Tips for Success with Your Steak Fajita Low Carb Bowl
Even though this recipe is straightforward, a few little secrets can turn a good bowl into an absolute showstopper. Overcooking steak is my personal culinary nightmare, so let’s make sure your flank steak stays juicy! Paying attention to those little details is how we elevate a simple meal into something truly great, keeping that high-protein flavor front and center in your Steak Fajita Low Carb Bowl. For more inspiration on handling beef beautifully, you might love my post on steak with garlic cream sauce!
Achieving Perfect Steak Temperature
Honestly, the internal temperature is your best friend here. I know some people eyeball it, but if you want reliable results, check it!
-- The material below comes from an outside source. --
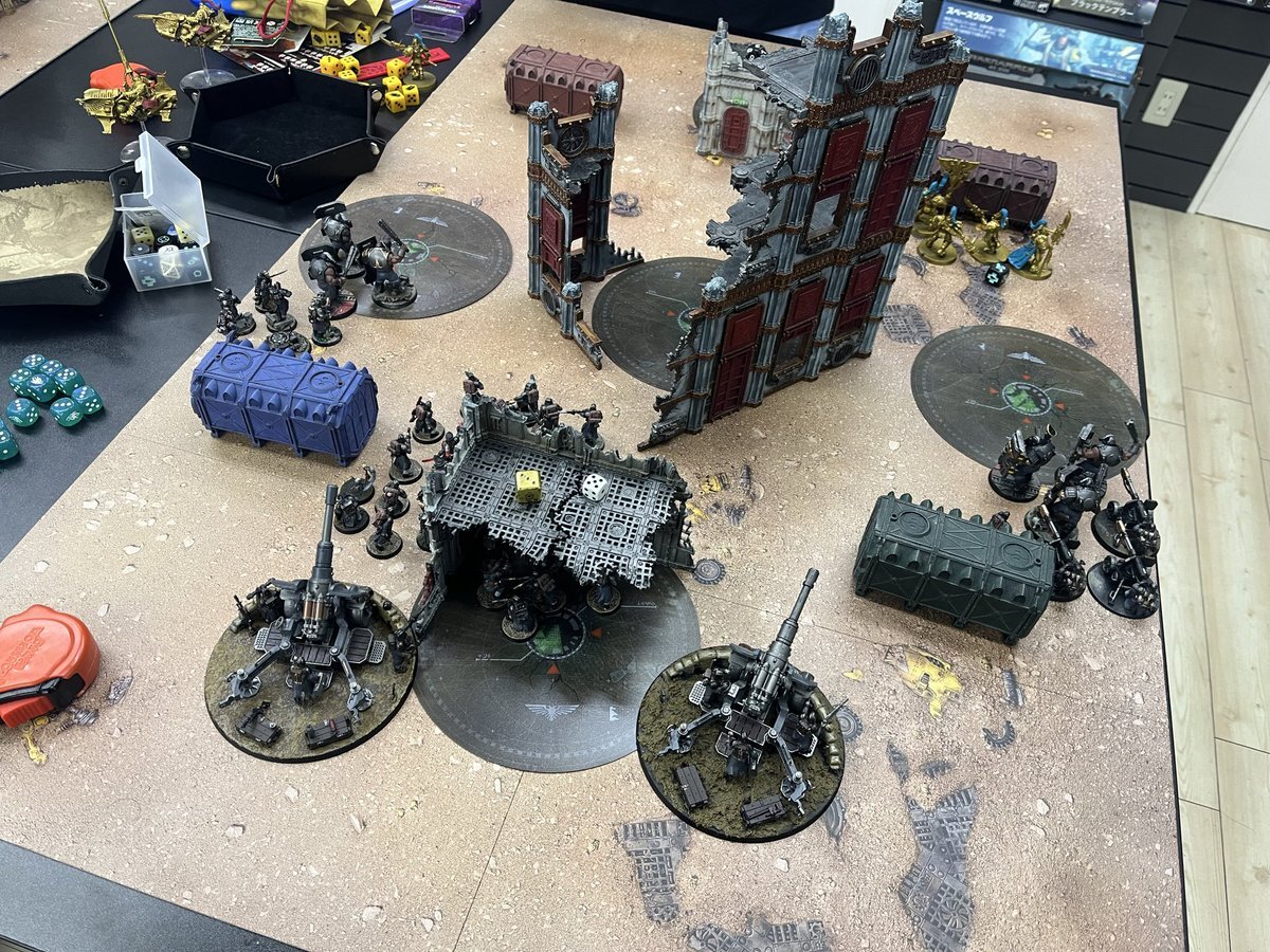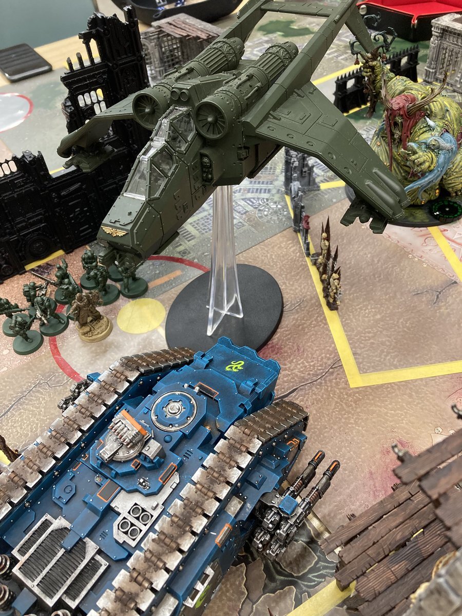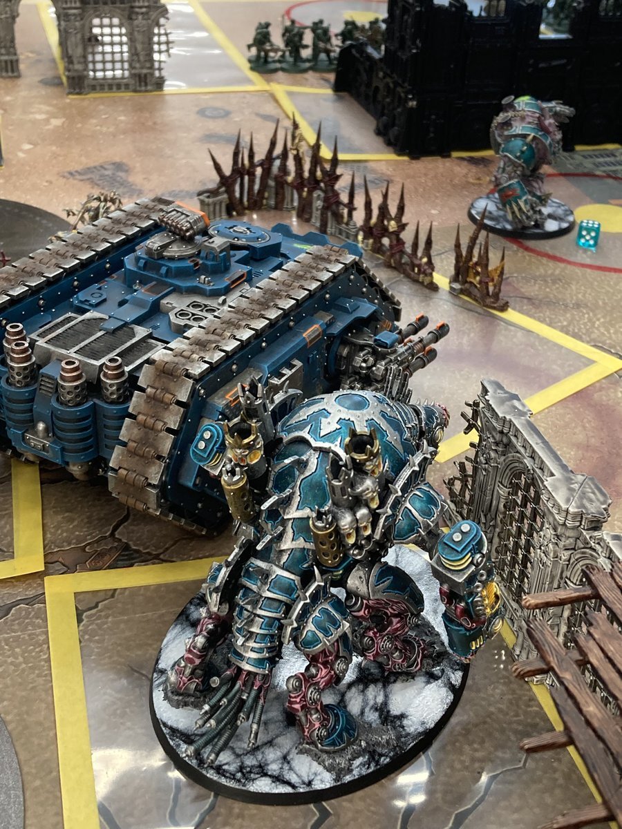 #ウォーハンマー #warhammer 久々の40kを3人打ち。 サウザンドサンの初戦。ケイオスナイトの先制射撃でサウザンドサン固有のユニットは半分以上消え、見知ったいつものビークルで戦った。難を逃れたツァーンゴールが確保&敵陣突撃で一番活躍していた。 大型ビークル同士が激突し見どころもあった。 pic.x.com/3g5q8gwY8A

For medium-rare, which keeps the steak super tender after resting, you want to pull it off the heat right around 130°F to 135°F. It will creep up a few more degrees while it rests under the foil, which is exactly what we want. If you let it sit on the cutting board for 10 minutes, you are just guaranteeing a tender slice!
Meal Prep Strategies for this High Protein Dinner Idea
This bowl is fantastic for meal prep! I always cook the steak, peppers, and onions a day ahead. Store them separately from the cauliflower rice and toppings. Why separate? Because soggy peppers are a tragedy! Cooked steak reheats beautifully if you slice it thinly first. This makes assembling these High Protein Dinner Ideas a five-minute job on a workday afternoon. You just reheat the steak and veggies slightly in a pan, warm the rice, and pile it high with cold toppings!
Variations for Your Steak Fajita Low Carb Bowl
Sometimes you just need a little change, right? Even the very best Steak Fajita Low Carb Bowl recipe needs a seasonal refresh now and then! Luckily, the core flavor profile—that incredible marinade—is so versatile. You can twist this recipe in a few different directions without needing a whole new grocery list. It’s all about practical swaps that keep the meal exciting while staying true to our low-carb goals. For another delicious, balanced meal idea, you should totally check out my Mediterranean Steak Bowl!
Protein Swaps for Keto High Protein Meals
If you’re burnt out on beef or just have chicken breasts hanging around, swap them out! Both chicken breast strips or shrimp work wonderfully with this exact fajita seasoning blend. Just remember that chicken will need a slightly longer marinating time to get tender, and shrimp cooks *way* faster—like, two minutes max per side! It’s an awesome switch when you’re planning out your Keto High Protein Meals for the week.
Changing the Low Carb Base
If you’ve eaten cauliflower rice five nights in a row, I get it; we all need a break! For a different texture, try sautéing some shredded green cabbage instead. It gets nice and tender-crisp and mimics the texture of very soft tortillas. Or, for a super fresh, cold salad vibe, just build your bowl over a big handful of chopped mixed greens. It’s refreshing, especially with the hot steak piled on top!
Health Benefits of a Low Carb Healthy Meals Approach
When we focus on meals like this Steak Fajita Low Carb Bowl, we aren’t just ditching the tortillas; we’re prioritizing how we feel afterwards. Because this bowl is packed, it’s naturally high protein and lower in net carbs, which is fantastic for keeping your energy steady all afternoon! I feel much better when my meals aren’t spiking my sugar levels right before I need to focus on work.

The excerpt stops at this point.